In this chapter I will detail research mainly performed with FromDaDy regarding data exploration with density map computation. This work tried to address the exploration of dense datasets. Since data density hinders data exploration with numerous overlapping visual marks, I focused part of my research on this topic.
The use of the popular scatterplot method (Cleveland, 1993) is not sufficient to display all information because a lot of overlapping occurs. When transforming data to graphical marks, a regular visualization system draws each graphical mark independently from the others: if a mark to be drawn happens to be at the same position as previously drawn marks, the system replaces (or merges using color blending) the pixels in the resulting image. The standard visualization of this pixel accumulation process is not sufficient to accurately assess their density. For instance Figure 12 left shows one day of recorded aircraft trajectories over France with the standard color blending method. Figure 12 right shows the same dataset with a 3D and shaded density map and one can easily perceive that the data density is drastically higher over the Paris area which is not that obvious with the standard view.
I investigated this density computation algorithm with a hardware-accelerated extension of FromDaDy (Hurter et al., 2009b) to support the exploration of aircraft trajectories (Hurter et al., 2010b) with the Kernel Density Estimation (Silverman, 1986).

Kernel Density Estimation: an image based technique

Kernel Density Estimation (KDE) (Silverman, 1986) is a mathematical method that computes density by a convolution of a kernel K (Figure 13: Kernel profiles) with data points. This method produces a smooth data aggregation which also reduces data sampling artefacts and is suitable for showing an overview of amounts of data.The density 𝜌 can be visualized as a 2D height field by a straightforward color map, contour plot, or terrain map (Figure 12). Landscape visualization with hills and valleys have been shown to be easy to interpret (Wise et al., 1995). For quantitative analysis, a contour plot is preferred over a colormap, since value estimation by colors is perceptually difficult. Since contour plots only use isolines, color can be used for other purposes. In 2D, the density plot becomes visually more detailed by using shading and can be enriched to a contour map (van Wijk and Telea, 2001). KDE maps can be interactively explored and modified (Van Liere and Leeuw, 2003). The KDE algorithm has also been used to investigate objects movements (Willems et al., 2009), (Scheepens et al., 2011).The initial version of FromDaDy computed the density map and stored it in an off-screen buffer with additive blending enabled. To achieve this, fromDaDy used a 32-bit floating color texture. More recent versions use OpenCL with the full support of the convolution process with tabular data. To ensure data integrity with the multi-threaded data processing, FromDaDy uses atomic functions. This GPU implementation allows interactive manipulation and visualization of the density map. The computation time varies with the number of points in the data set and the Kernel size. As an example, the frame rate is around 10 frames per second with 400 000 points and a Kernel point size of 20 pixels and a Nvidia GTX 275 graphic card.

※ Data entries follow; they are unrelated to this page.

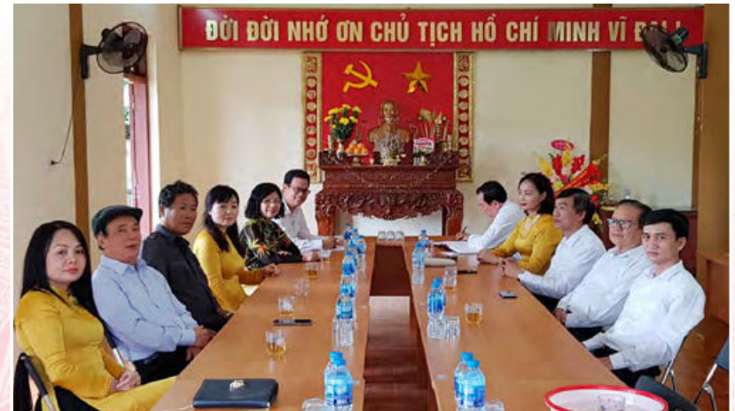
Các thể hệ công chức Văn phòng Đảng - Đoàn thể tại buổi sinh hoạt chuyên đề giáo dục truyền thống nhân kỷ niệm 05 năm thành lập (Tuyên Quang, ngày 25/10/2019)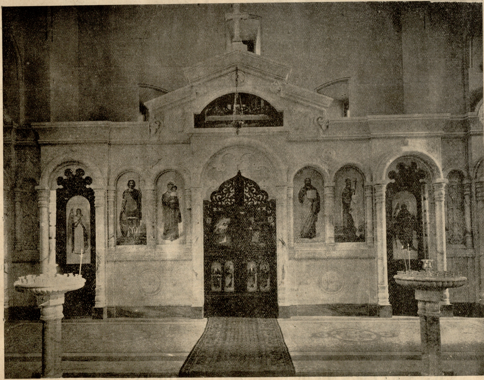
მკაფიის ტაძრის კანკალი.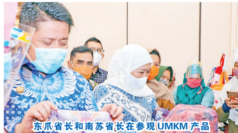
东爪省长和南苏省长在参观UMKM产品

会上,东爪省长科菲法女士表示,希望两省共同建立的贸易团和共同发展的合作关系,能激励各自省的贸易与建设。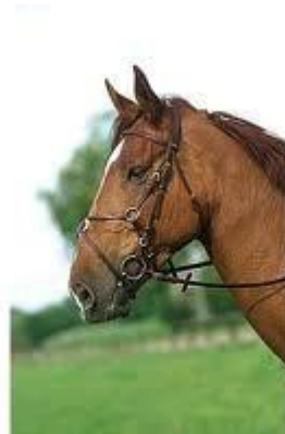
4. Muserola Cruzada/Mejicana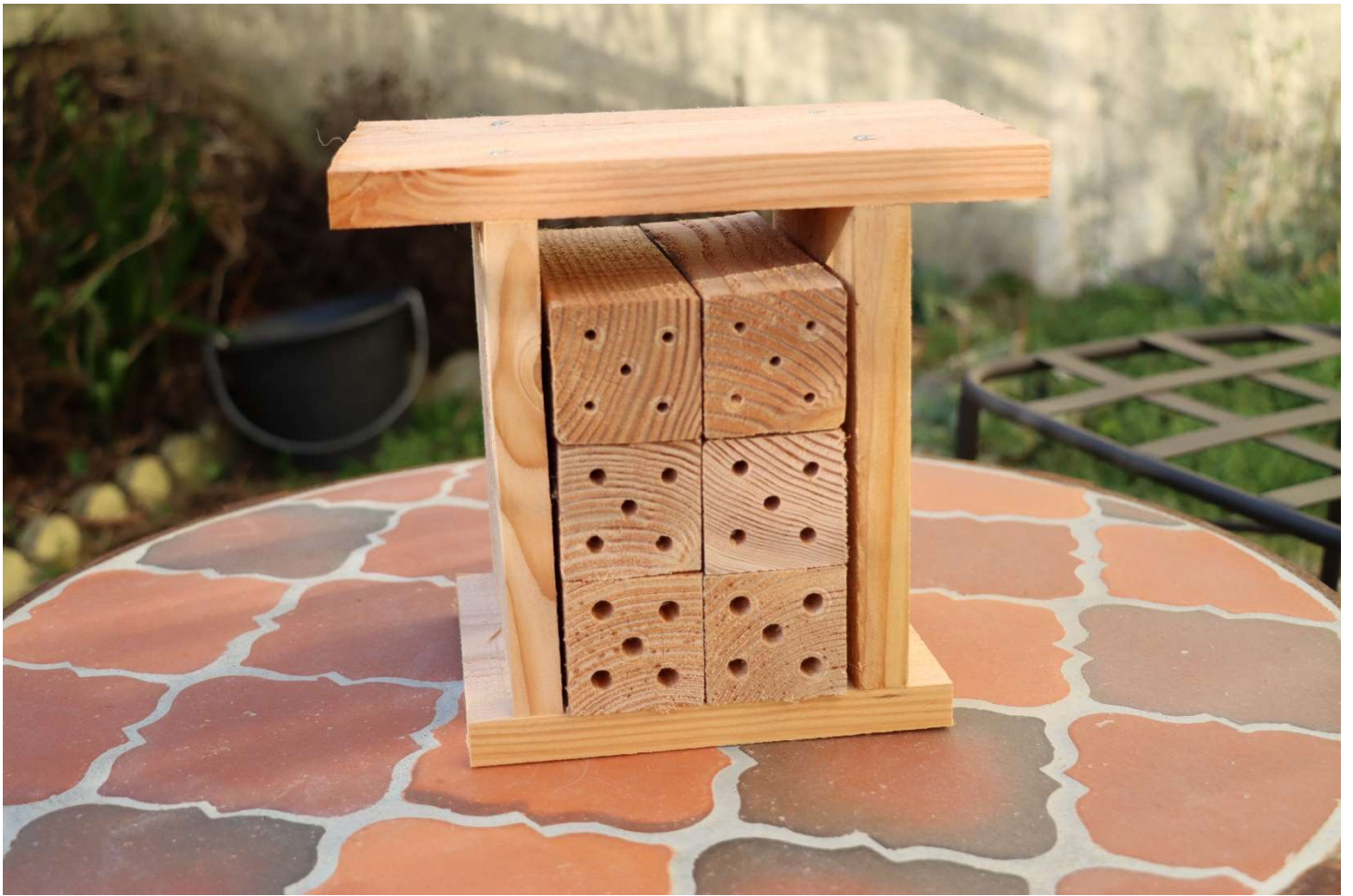
Nichoïr TORII pour abeilles sauvages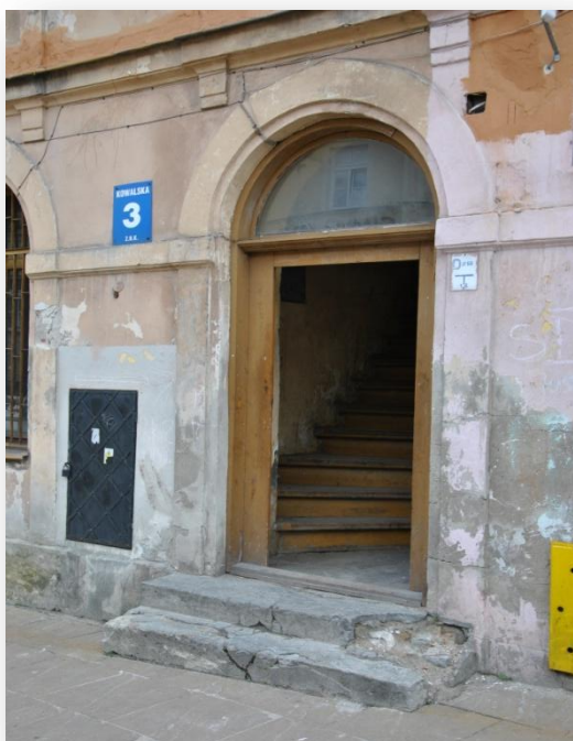
Rysunek 10. Ulica Kowalska – wejście na klatkę schodową. Budynek z 1870 r.

metalowych, co jak zauważyli uczestnicy wycieczki, dobrze oddaje charakter tej niegdyś żydowskiej ulicy, która jako nieliczna ocalała po zawierusze II wojny światowej.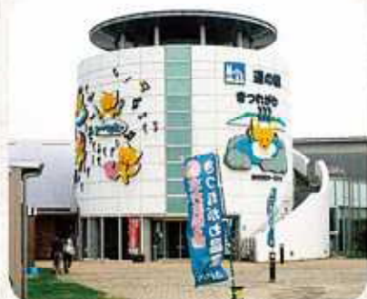
道の駅さくらし(さくら市)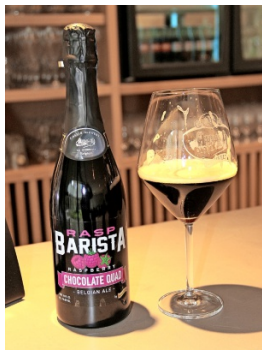
De 'Raspbarista'.

Brouwerij Van Honsebrouck lanceerde in augustus het nieuwe biertje Raspbarista speciaal voor de Amerikaanse markt, maar met de feestdagen in zicht zal het biertje nu ook hier verkocht worden.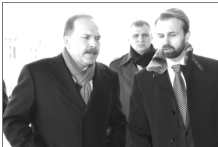
Губернатор Михаил Мень и генеральный директор ОАО корпорация «Нордтекс» Юрий Яблоков.

4 марта Губернатор Ивановской области Михаил Мень провел на Родниковском текстильном предприятии рабочее совещание по вопросу создания первого производственного технопарка на базе предприятия ЗАО ПК «Нордтекс». Прежде чем вести разговор о создании технопарка Губернатор посетил мини-ТЭЦ и новую ткацкую фабрику, оснащенную новейшим технологическим оборудованием, позволяющим выпускать качественную суровую ткань.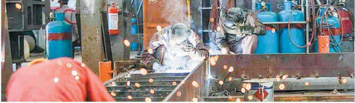
İstihdamda azalma devam etti, ancak düşüş Aralık ayına göre hafif hız kesti.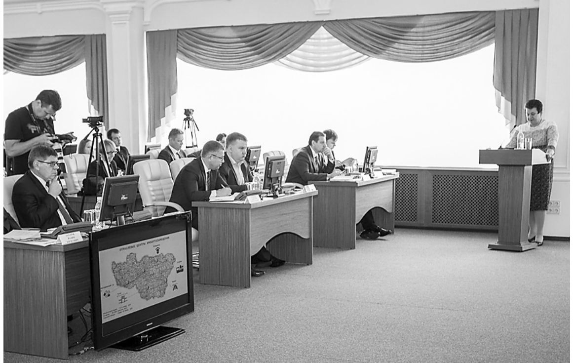
Идёт отчёт на Законодательном Собрании

В рамках центра импортозамещения высокоточного машиностроения, станкостроения и робототехники налажены кооперационные связи между ОАО «Ковровский электромеханический завод» и 47 предприятиями малого и среднего бизнеса. Объём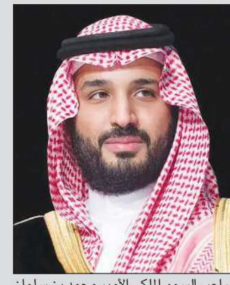
صاحب السمو الملكي الأمير محمد بن سلمان ولي العهد رئيس مجلس الوزراء السعودي

محمد بن سلمان يطلق شركة "هيومان" كراند عالمي بالكفاء الاصطناعي ولي العهد السعودي سيرأس مجلس إدارة الشركة الجديدة.. وستعمل على تطوير أحد أفضل النماذج اللغوية الكبيرة "LLM" باللغة العربية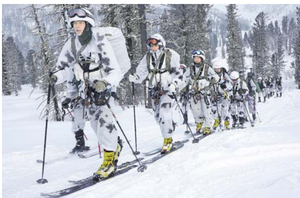
На этапе «Санского марша» — 2018.

организаторы «Санского марша» сформировали по-военному лаконично: совершенствование профессиональных навыков командиров в управлении подразделением в условиях проверки сложными подразделениями, а также способности военнослужащих применять вооружение и использовать горные снаряжения при выполнении задач в горах. Причём в зимний период. Небольшой поход, — акцентирует внимание представитель Управления физической подготовки и спорта Вооружённых Сил РФ, — стало принципиальным моментом в ходе разработки конкурсного положения.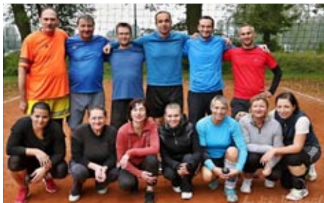
SPOLU V POHYBU 23. září - volejbal

Density map visualization and interaction techniques

In the following, I describe a set of interaction and visualization techniques with density maps to perform interactive data exploration. Thanks to a GPU implementation the users can interact in real time with the density map and the process is divided into three steps:
 Users can choose which data dimensions to accumulate, and can adjust the kernel size,
 Users can “brush, pick and drop” data to remove them from, or add them to the density map,
 Users can explicitly choose to use the computed density values with one of the available design customizations (color, size or position).

Brushing Technique with density maps

Originally, FromDaDy supported the brushing of trajectories with their spreading across views. This interaction helps to select an entire trajectory with the brushing of only few points, but in certain cases, the data exploration requires only parts of trajectories. We added the brushing of points, which allows the selection and manipulation of points. The user can brush in the standard view or in the accumulator view. The user uses a size configurable round shape to brush the view to selected trajectories or points (Figure 15).
Thanks to the brushing technique, the user can select and highlight parts of the displayed data. By pressing the space bar, the user can extract previously selected data and attach them to the mouse cursor. By default, the selected data are picked: they are removed from the view, and appear in a “fly-over” view. When the user presses the space bar for the second time, a drop occurs in another view under the cursor. Although it resembles a regular drag’n’drop operation, we prefer to use the term “pick’n’drop” (Rekimoto, 1997) in the sense that data is removed from the previous view and is attached to the mouse even if the space bar is released.
We also added the pick and drop paradigm to the accumulator map. Figure 16 shows the difference between the point and the trajectory mode. With the point mode only the brushed points are selected and isolated. With the trajectory mode, brushing points also selects their entire trajectory.
Figure 16: Points or pick and drop trajectories on an density map.
The pick and drop of brushed data, from the accumulation map to another view, is useful during the exploration process for three reasons:
 It helps to isolate data to perform separate analyses,
 In the trajectory mode, the brush selects entire trajectories. When picking these trajectories, a new accumulation map is computed and unveils new accumulation initially hidden by the picked trajectories (image d in Figure 16),
 With the point and the trajectory mode, FromDaDy uses the full gradient scale in such a way that the minimum accumulation value has the first gradient color and the maximum accumulation value has the last gradient color. When brushing/picking and dropping points with minimum or maximum accumulation value, FromDaDy computes a new accumulation map that unveils a new maximum value with the maximum gradient color and then unveils new patterns (comparison of Figure 15 and Figure 16).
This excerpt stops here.